As Hood explains in his new book SuperSense (excerpted today in The Guardian):

"It is as if we treat evil as a physical contaminant that could be transmitted by touch. You can't wash away such contamination as though it were dirt. Most of us would treat the cardigan as if it were imbued with evil.
In the same way that some of us revere holy sites, priests, and sacred relics, we also shun places, people, and objects that are taboo. To do that, however, we have to attribute something more to them than just their physical properties. We may like to think of ourselves as rational people without superstitions, but this is just one area where we stray into the supernatural."
The point of the sweater demonstration, he says, is to "illustrate to an educated, rational audience that sometimes our beliefs can be truly supernatural but have nothing to do with religious indoctrination. Atheists, too, tend to show revulsion at the idea of touching [the sweater]. If it's true that our beliefs can be supernatural but unconnected to religion, then it must also be true that humans will not necessarily evolve into a rational species, because a mind designed for generating natural explanations also generates supernatural ones."

Check out some of the other supernatural beliefs many people hold:



Heather Wax

1 comments:

Diggitt said...

My father died in November 1989. I still have, packed away in its dry cleaning bag, the sweater I wore during his last couple days. I can't wear it and I have never been able to decide where to give it away to ... no place seems right.

In 1970 I was assaulted and although the clothes I was wearing at the time were newish, I could never touch them again.
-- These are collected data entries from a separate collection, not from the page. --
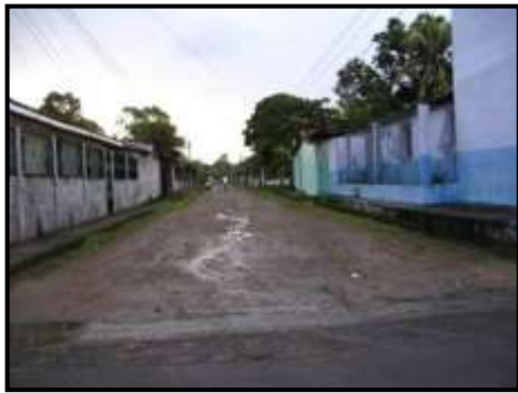
Falta de pavimentado en el Polígono, foto propia, tomada durante observación no participante, 8 de julio de 2010.

Por otra parte, la ADESCO en conjunto con la Alcaldía pretende pavimentar los polígonos que faltan de la Colonia y gestionar la adquisición de medicamentos para ofrecer una mejor atención de salud. De igual manera, la Alcaldía en futuros proyectos está valorando la instalación de tuberías de aguas negras.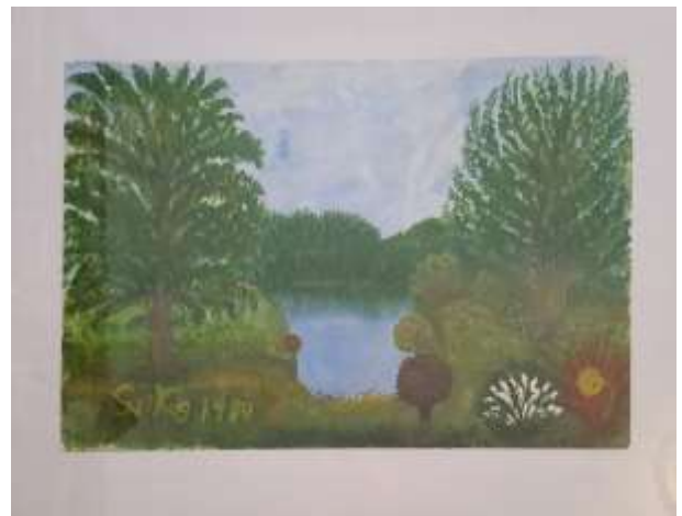
Gerdi Kullberg, gouache 1989, 30 x 42 cm.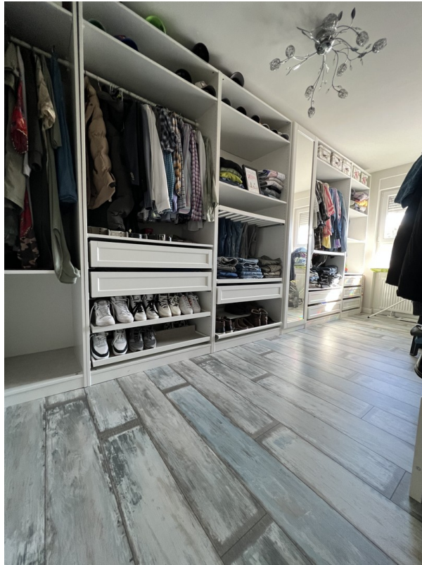
Zimmer 1: heute Ankleide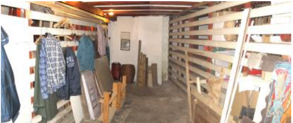
Depotgangen i Barak 1: Før rydning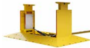
SOPORTE DE REMOLQUE MONTADO EN TIERRA* Lo mejor. Con solo pulsar

Opere su muelle con eficiencia usando el soporte de remolque más apropiado para sus necesidades.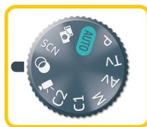
Prise de vue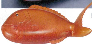
10-566-13 1-701-3 A1人用鯛盛器 ぼかし梨地 中皿付セット ¥6,000 (32×17×10) 櫃40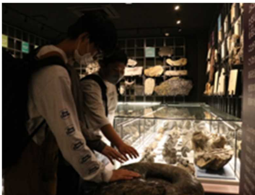
いろいろな形の石に興味津々

In 1973, my boyfriend broke up with me. I got raging drunk and threw up on the clothes I was wearing. Not only was I never able to wear them again (although they cleaned up fine) I have never been able to wear that color again.

I've been a volunteer with a homeless program for the last 22 years. Another volunteer is a funeral director, who speaks with families of the deceased about donating their clothes. Most families he speaks to are happy to get the clothing out of their homes. There's no sense of "Oh, I always wanted that sweater -- can I have it?"

We have the luxury of being squeamish about clothing and its associations. It would be interesting to try the experiment with the murderer's jacket someplace where people have little new clothing.